A new survey that asked Canadians to rate their wireless networks has revealed not only the most reliable network by region, but also the breaking point at which frustrated subscribers will angrily dump their carriers for another provider.

The wireless network quality study, conducted by J.D. Power and Associates, measured how often Canadian customers suffered service interruptions.

According to the results, SaskTel earned the highest marks for the best connection in Western Canada, while BCE Inc.'s wireless arm Bell and Telus Corp. were graded as the best in Ontario. (BCE owns 15 per cent of The Globe and Mail.) Customers gave Vidéotron Télécom Ltée top marks in the Atlantic provinces and Quebec, while Rogers was rated worst in both Western and Eastern Canada.

The study ranked the providers on the metric of problems per 100 network connections (PP100) for data, calls and messaging. Over all, data and calls experienced the most problems – 14 and 13 PP100, respectively.
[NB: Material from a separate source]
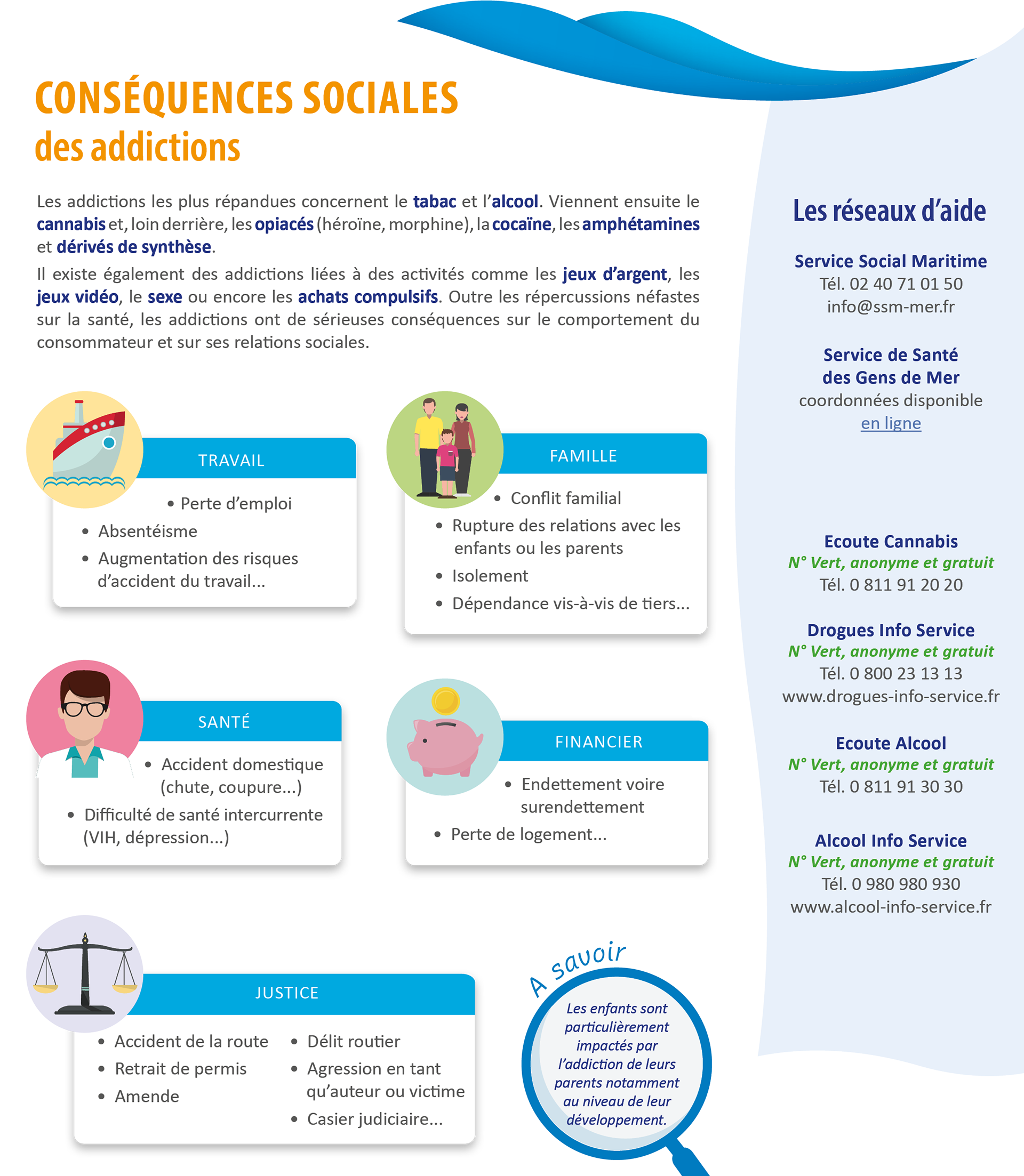 Vous y trouverez un état des lieux de la consommation de substances psychoactives (alcool, cannabis, autres drogues...) dans le secteur maritime, les risques disciplinaires et judiciaires auxquels le marin s'expose ainsi que l'aide à apporter à un marin dans un état anormal à bord.

Regular messaging was most dependable, with only five PP100.

The findings are based on the responses of 13,000 wireless customers in October-November, 2014, and March, 2015.

The survey showed that customers will accept some connection issues, but they have a breaking point when they become frustrated enough to actually switch carriers. Customers indicated they "definitely will not" switch carriers if they experienced only five PP100, but "definitely will" switch after 17, though who's counting after 10?

In terms of smartphones, LG devices performed best, with 13 per cent of users indicating that their data speeds are faster than expected. Nine per cent of Samsung owners and 8 per cent of iPhone owners indicated the same.